‘Dizzy’, performed by the Wonderstuff and comedian Vic Reeves, who was known as James Roderick Moir when he grew up in Darlington, went to No 1.
Reeves’ family moved to Hewitson Road from Leeds in 1964 when he was 5. His father, James, was a linotype operator at The Northern Echo, and Vic remembered seeing his fast fingers ‘spreading across the keys like lightning’. Vic attended Eastbourne primary and secondary schools, and let his imagination run wild digging ‘space pits’ on Yarm Road wasteland, from which he would make-believe he was an alien.

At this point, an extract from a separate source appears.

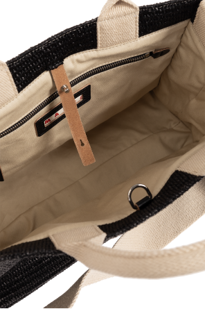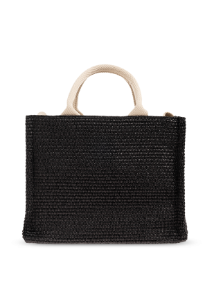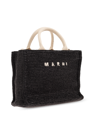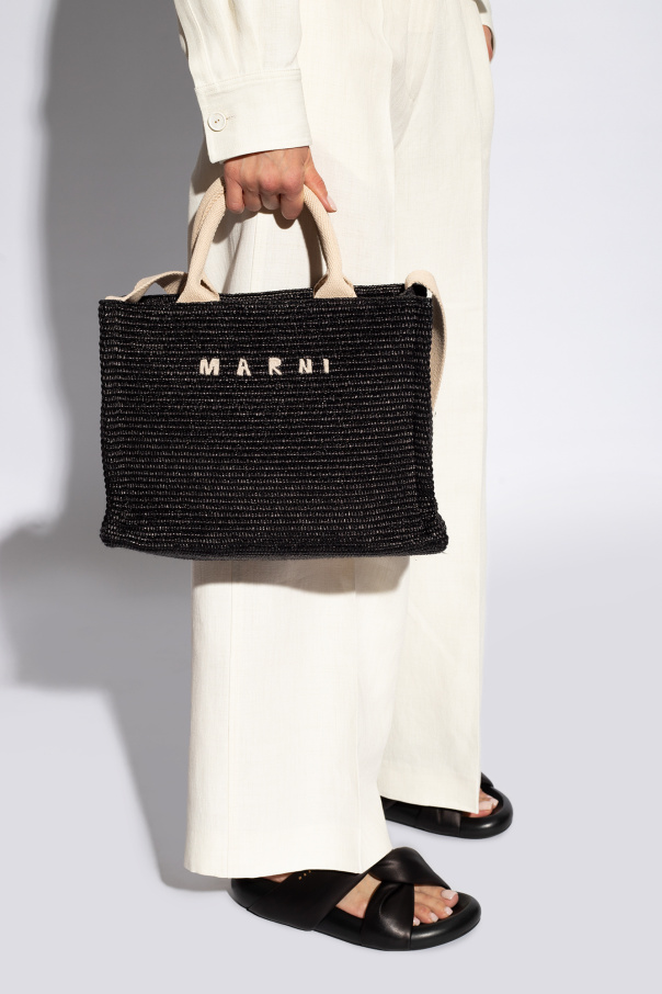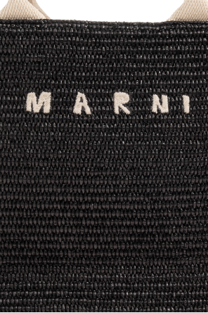Black shopper bag from Marni. Size small. Made of faux raffia, this design features a strap fastening, cream logo embroidery, two half-round handles, shoulder strap, silver-tone metal hardware and one internal compartment with one zip pocket.

He shopped in Darlington’s alternative stores. ‘Guru was great,’ he told The Northern Echo in 2006. ‘I once bought a pair of white flares, split at the knee, but I dyed them green very quickly. They were only £1.99.’ He bought his first guitar, a Gibson EB3, from William’s music shop, and formed a band called Trout, or The Fashionable Five, which played at the Green Dragon in Post House Wynd and the Bowes cellar bar on Skinnergate.
After school, Reeves worked at Neasham market garden, where one of his duties was castrating piglets. But the bright lights of London beckoned. He teamed up with Middlesbrough solicitor Bob Mortimer and their Big Night Out comedy programme became a cult hit in the early 1990s.